→ TASK TO CARRY OUT
For this exercise, copy all the data exactly and include none of the pictures.

→ DATA BLOCK

'''

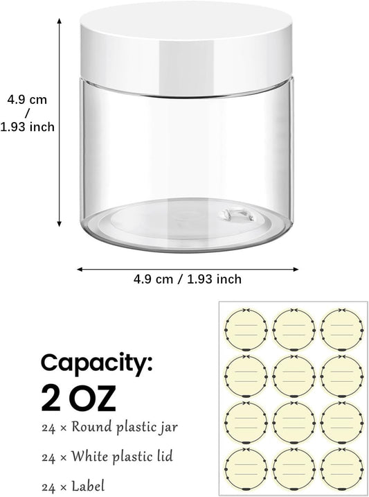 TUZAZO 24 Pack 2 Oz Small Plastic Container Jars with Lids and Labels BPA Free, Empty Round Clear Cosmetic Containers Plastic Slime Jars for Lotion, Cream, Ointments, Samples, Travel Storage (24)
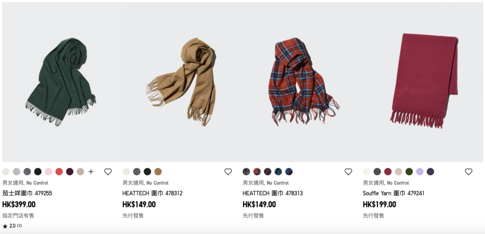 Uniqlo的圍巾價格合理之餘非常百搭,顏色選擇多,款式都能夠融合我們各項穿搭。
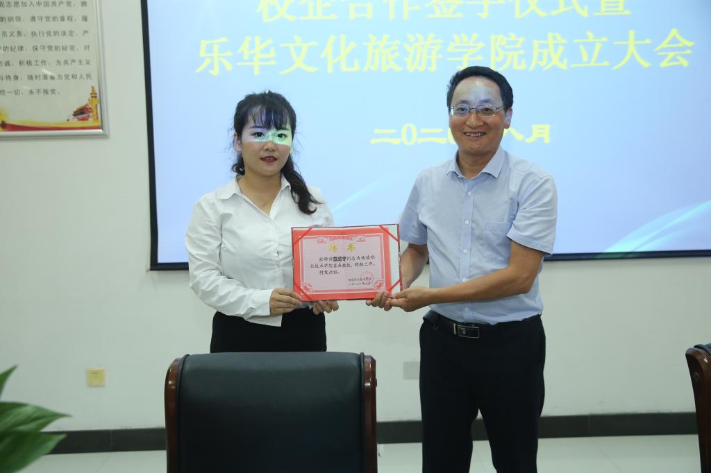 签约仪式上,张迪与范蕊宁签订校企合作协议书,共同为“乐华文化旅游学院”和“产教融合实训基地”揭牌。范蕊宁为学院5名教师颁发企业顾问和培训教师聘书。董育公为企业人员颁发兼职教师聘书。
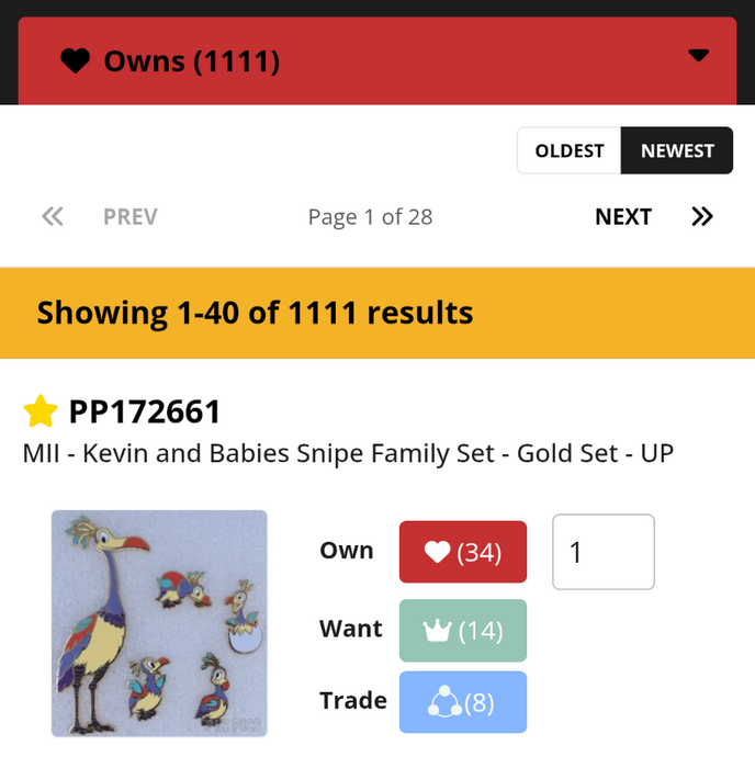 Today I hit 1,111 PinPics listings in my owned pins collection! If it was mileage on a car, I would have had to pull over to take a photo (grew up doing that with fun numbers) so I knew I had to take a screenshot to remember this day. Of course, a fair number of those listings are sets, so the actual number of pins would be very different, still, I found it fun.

'''

→ ANSWER SECTION
 TUZAZO 24 Pack 2 Oz Small Plastic Container Jars with Lids and Labels BPA Free, Empty Round Clear Cosmetic Containers Plastic Slime Jars for Lotion, Cream, Ointments, Samples, Travel Storage (24)
 Uniqlo的圍巾價格合理之餘非常百搭,顏色選擇多,款式都能夠融合我們各項穿搭。
 签约仪式上,张迪与范蕊宁签订校企合作协议书,共同为“乐华文化旅游学院”和“产教融合实训基地”揭牌。范蕊宁为学院5名教师颁发企业顾问和培训教师聘书。董育公为企业人员颁发兼职教师聘书。
 Today I hit 1,111 PinPics listings in my owned pins collection! If it was mileage on a car, I would have had to pull over to take a photo (grew up doing that with fun numbers) so I knew I had to take a screenshot to remember this day. Of course, a fair number of those listings are sets, so the actual number of pins would be very different, still, I found it fun.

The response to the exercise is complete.